• [Exercise description]: Search the records for the string "with", and show each line where it appears.

• [Data shown]:
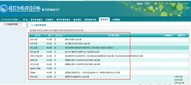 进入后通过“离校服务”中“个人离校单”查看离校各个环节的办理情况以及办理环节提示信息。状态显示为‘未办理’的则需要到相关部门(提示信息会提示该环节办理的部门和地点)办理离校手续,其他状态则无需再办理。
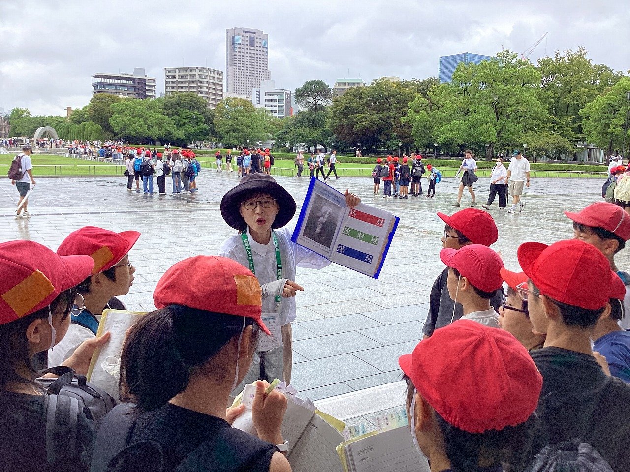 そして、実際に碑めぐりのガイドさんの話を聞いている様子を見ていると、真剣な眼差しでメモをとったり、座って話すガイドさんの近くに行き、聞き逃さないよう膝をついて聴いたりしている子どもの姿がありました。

...

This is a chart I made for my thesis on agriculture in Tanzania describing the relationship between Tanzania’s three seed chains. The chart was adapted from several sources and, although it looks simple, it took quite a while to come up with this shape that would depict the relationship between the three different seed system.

* * *

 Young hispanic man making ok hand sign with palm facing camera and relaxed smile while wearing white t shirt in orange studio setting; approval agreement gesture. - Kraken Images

• [Exercise output]:
This is a chart I made for my thesis on agriculture in Tanzania describing the relationship between Tanzania’s three seed chains. The chart was adapted from several sources and, although it looks simple, it took quite a while to come up with this shape that would depict the relationship between the three different seed system.
 Young hispanic man making ok hand sign with palm facing camera and relaxed smile while wearing white t shirt in orange studio setting; approval agreement gesture. - Kraken Images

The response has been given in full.